Stored items:
*** Begin section ***

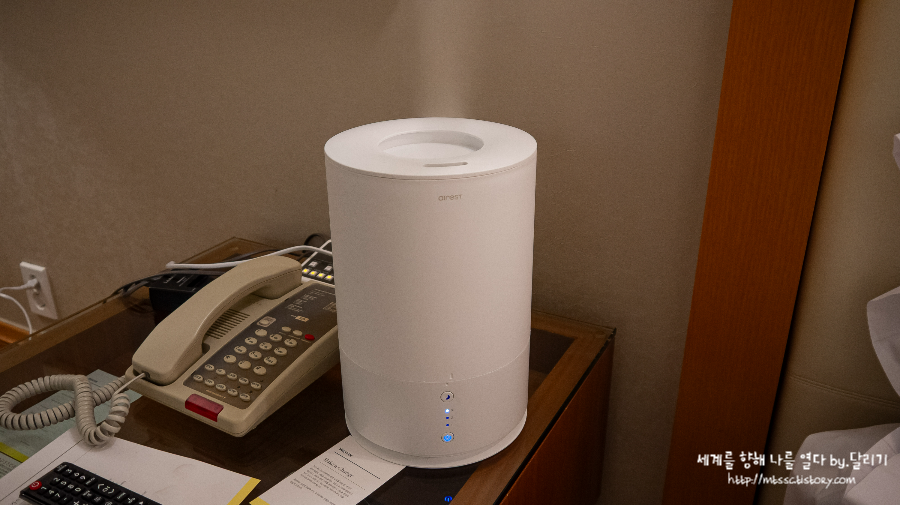 객실로 돌아왔는데 겨울이라 히터를 세게 틀어놨더니 너무 건조해서 가습기 받아서 틀어놓고요.
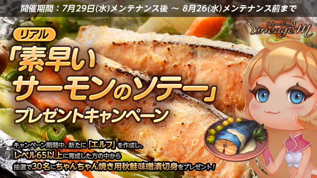 キャンペーン期間中に新たに「エルフ」を作成しレベル65以上に育成した方の中から抽選で30名に1万円分の「ちゃんちゃん焼き用秋鮭味噌漬切身」をプレゼント!
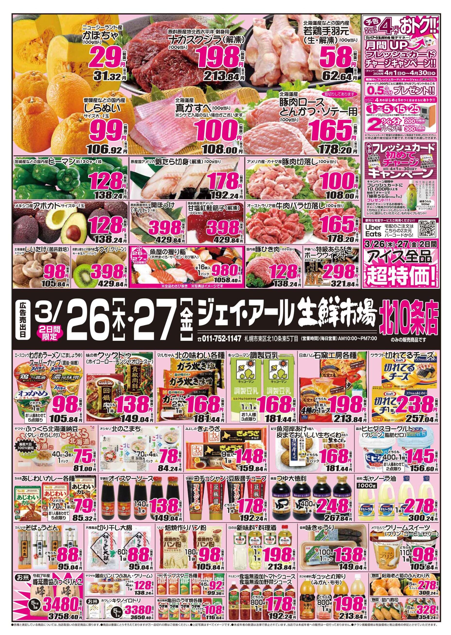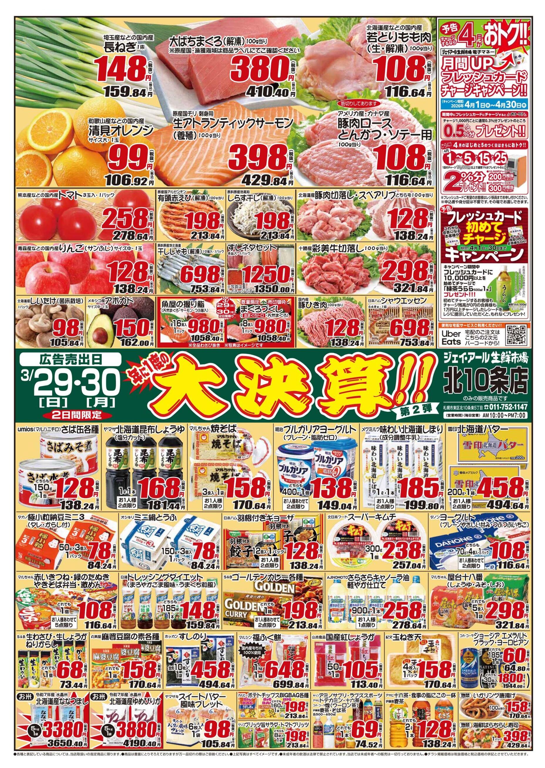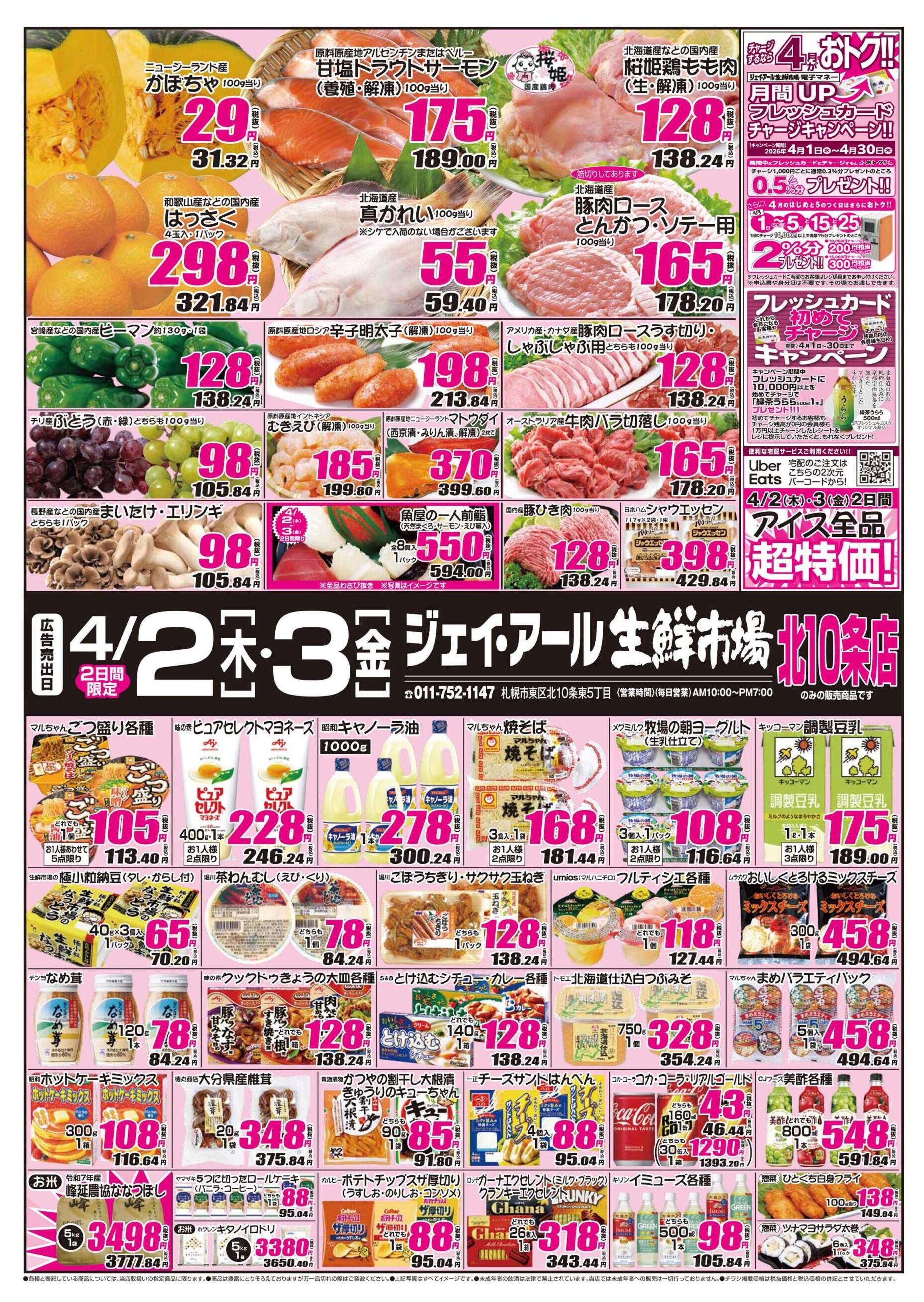 ジェイ・アール生鮮市場 北10条店今週のチラシ(2026年3月30日〜4月5日)
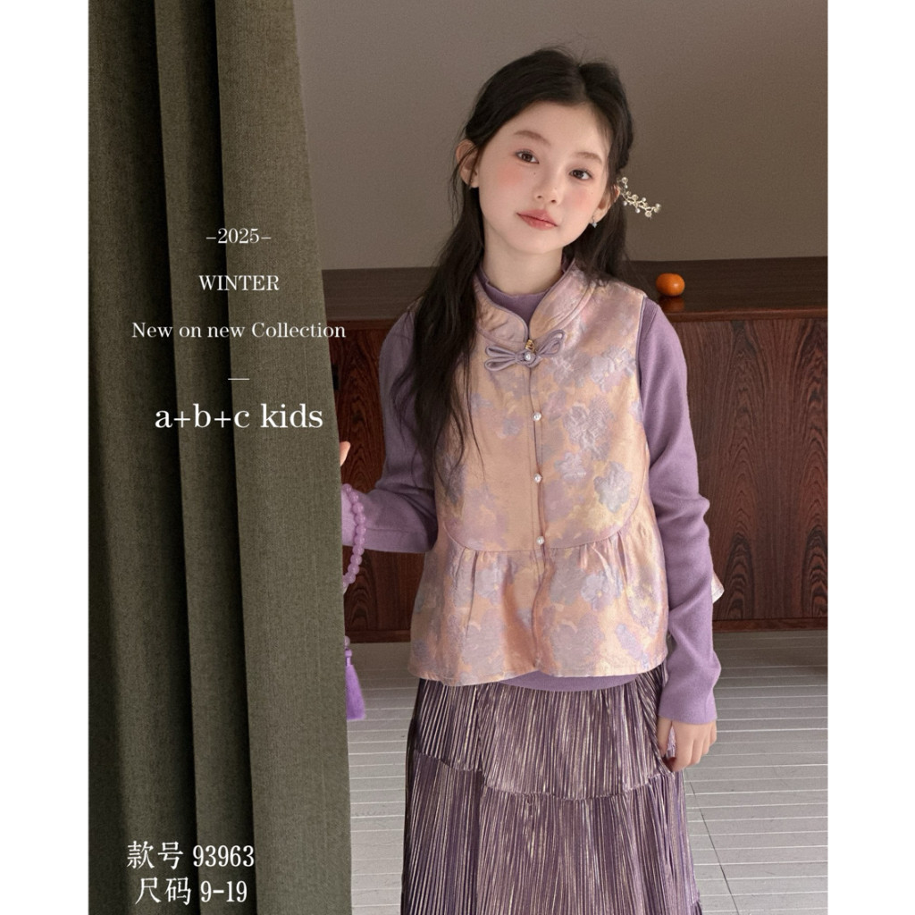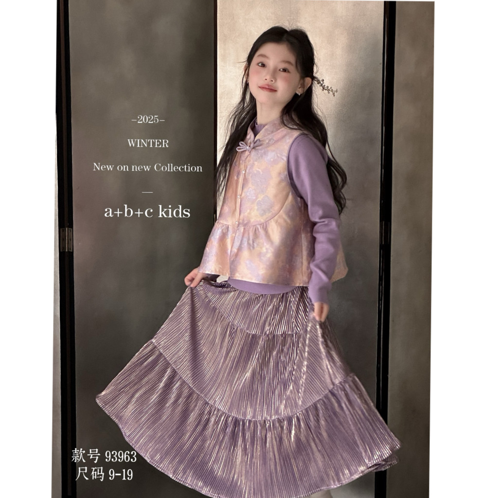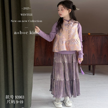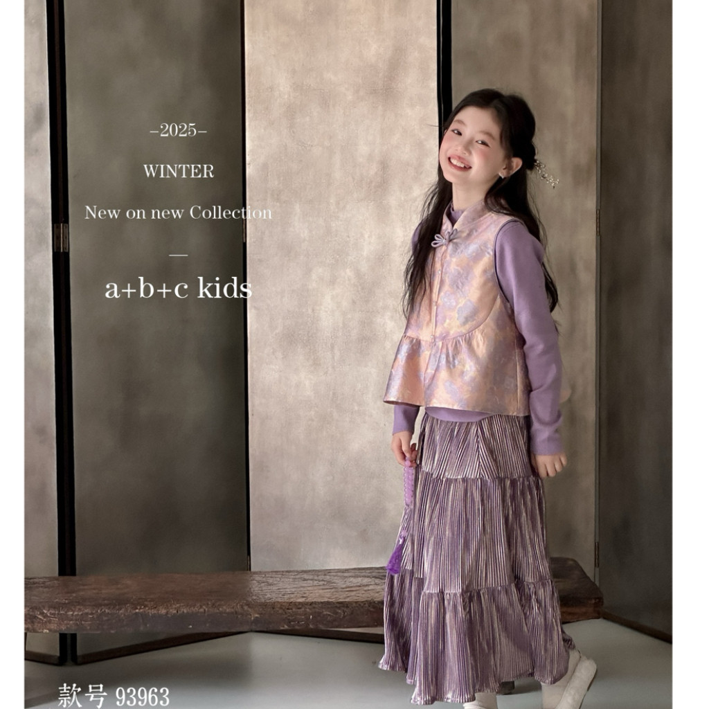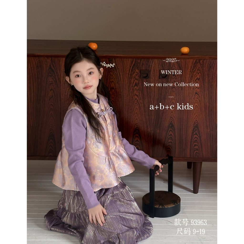 【国风套装】女童中大童冬季甜美背心+针织打底衫+长裙三件套装
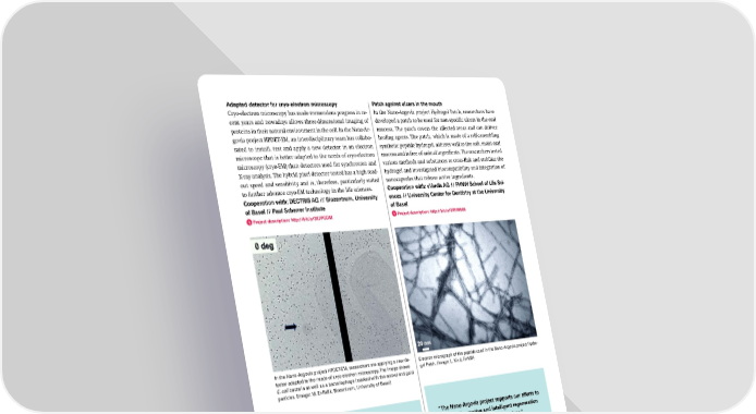 Adapted detector for cryo-electron microscopy Patch against ulcers in the mouth Cryo-electron microscopy has made tremendous progress in re- In the Nano-Argovia project Hydrogel Patch, researchers have cent years and nowadays allows three-dimensional imaging of developed a patch to be used for non-specific ulcers in the oral proteins in their natural environment in the cell. In the Nano-Ar- mucosa. The patch covers the affected areas and can deliver govia project HPDET-EM, an interdisciplinary team has collabo- healing agents. The patch, which is made of a self-assembling rated to install, test and apply a new detector in an electron synthetic peptide hydrogel, adheres well to the soft, moist oral microscope that is better adapted to the needs of cryo-electron mucosa and is free of animal ingredients. The researchers tested microscopy (cryo-EM) than detectors used for synchrotron and various methods and substances to cross-link and stabilize the X-ray analysis. The hybrid pixel detector tested has a high read- hydrogel and investigated biocompatibility and integration of out speed and sensitivity and is, therefore, particularly suited nanocapsules that release active ingredients. to further advance cryo-EM technology in the life sciences. Cooperation with: vVardis AG // FHNW School of Life Sci- Cooperation with: DECTRIS AG // Biozentrum, University ences // University Center for Dentistry at the University of Basel // Paul Scherrer Institute of Basel Project description: http://bit.ly/3K7PGDM Project description: http://bit.ly/3RYWBB5 In the Nano-Argovia project HPDET-EM, researchers are applying a new de- Electron micrograph of the peptide used in the Nano-Argovia project Hydro- tector adapted to the needs of cryo-electron microscopy. The image shows gel Patch. (Image: L. Kind, FHNW) E. coli bacteria as well as a bacteriophage (marked with the arrow) and gold particles. (Image: M. Er-Rafik, Biozentrum, University of Basel) “The Nano-Argovia project supports our efforts to “We are confident that this collaboration will help develop innovative and intelligent regeneration us to play a critical role in the important new market systems for oral applications.“ segment of cryo-electron microscopy.” Michael Hug, Co-CSO at vVardis AG Dr. Sacha de Carlo, Global Sales Manager EM at Dectris AG SNI Annual Report 2022 39
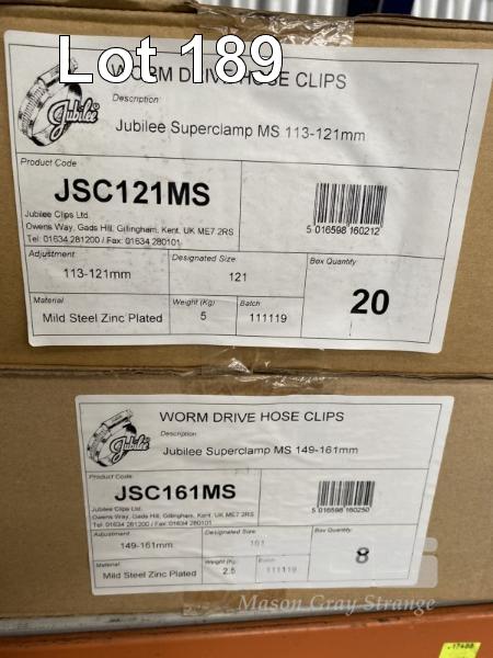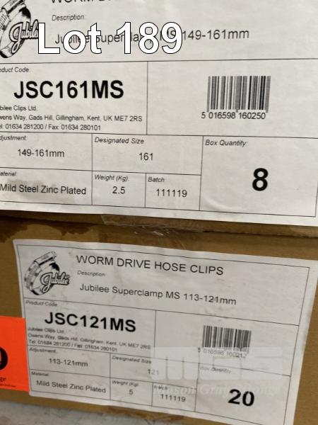 56 (APPROX) x JUBILEE WORM DRIVE HOSE CLAMPS, 4 x BOXES, 131-121mm & 149-161mm

*** End section ***

● **Required work**
Omit every picture, and otherwise quote the entries exactly.

● **Task solution**
 객실로 돌아왔는데 겨울이라 히터를 세게 틀어놨더니 너무 건조해서 가습기 받아서 틀어놓고요.
 キャンペーン期間中に新たに「エルフ」を作成しレベル65以上に育成した方の中から抽選で30名に1万円分の「ちゃんちゃん焼き用秋鮭味噌漬切身」をプレゼント!
 ジェイ・アール生鮮市場 北10条店今週のチラシ(2026年3月30日〜4月5日)
 【国风套装】女童中大童冬季甜美背心+针织打底衫+长裙三件套装
 Adapted detector for cryo-electron microscopy Patch against ulcers in the mouth Cryo-electron microscopy has made tremendous progress in re- In the Nano-Argovia project Hydrogel Patch, researchers have cent years and nowadays allows three-dimensional imaging of developed a patch to be used for non-specific ulcers in the oral proteins in their natural environment in the cell. In the Nano-Ar- mucosa. The patch covers the affected areas and can deliver govia project HPDET-EM, an interdisciplinary team has collabo- healing agents. The patch, which is made of a self-assembling rated to install, test and apply a new detector in an electron synthetic peptide hydrogel, adheres well to the soft, moist oral microscope that is better adapted to the needs of cryo-electron mucosa and is free of animal ingredients. The researchers tested microscopy (cryo-EM) than detectors used for synchrotron and various methods and substances to cross-link and stabilize the X-ray analysis. The hybrid pixel detector tested has a high read- hydrogel and investigated biocompatibility and integration of out speed and sensitivity and is, therefore, particularly suited nanocapsules that release active ingredients. to further advance cryo-EM technology in the life sciences. Cooperation with: vVardis AG // FHNW School of Life Sci- Cooperation with: DECTRIS AG // Biozentrum, University ences // University Center for Dentistry at the University of Basel // Paul Scherrer Institute of Basel Project description: http://bit.ly/3K7PGDM Project description: http://bit.ly/3RYWBB5 In the Nano-Argovia project HPDET-EM, researchers are applying a new de- Electron micrograph of the peptide used in the Nano-Argovia project Hydro- tector adapted to the needs of cryo-electron microscopy. The image shows gel Patch. (Image: L. Kind, FHNW) E. coli bacteria as well as a bacteriophage (marked with the arrow) and gold particles. (Image: M. Er-Rafik, Biozentrum, University of Basel) “The Nano-Argovia project supports our efforts to “We are confident that this collaboration will help develop innovative and intelligent regeneration us to play a critical role in the important new market systems for oral applications.“ segment of cryo-electron microscopy.” Michael Hug, Co-CSO at vVardis AG Dr. Sacha de Carlo, Global Sales Manager EM at Dectris AG SNI Annual Report 2022 39
 56 (APPROX) x JUBILEE WORM DRIVE HOSE CLAMPS, 4 x BOXES, 131-121mm & 149-161mm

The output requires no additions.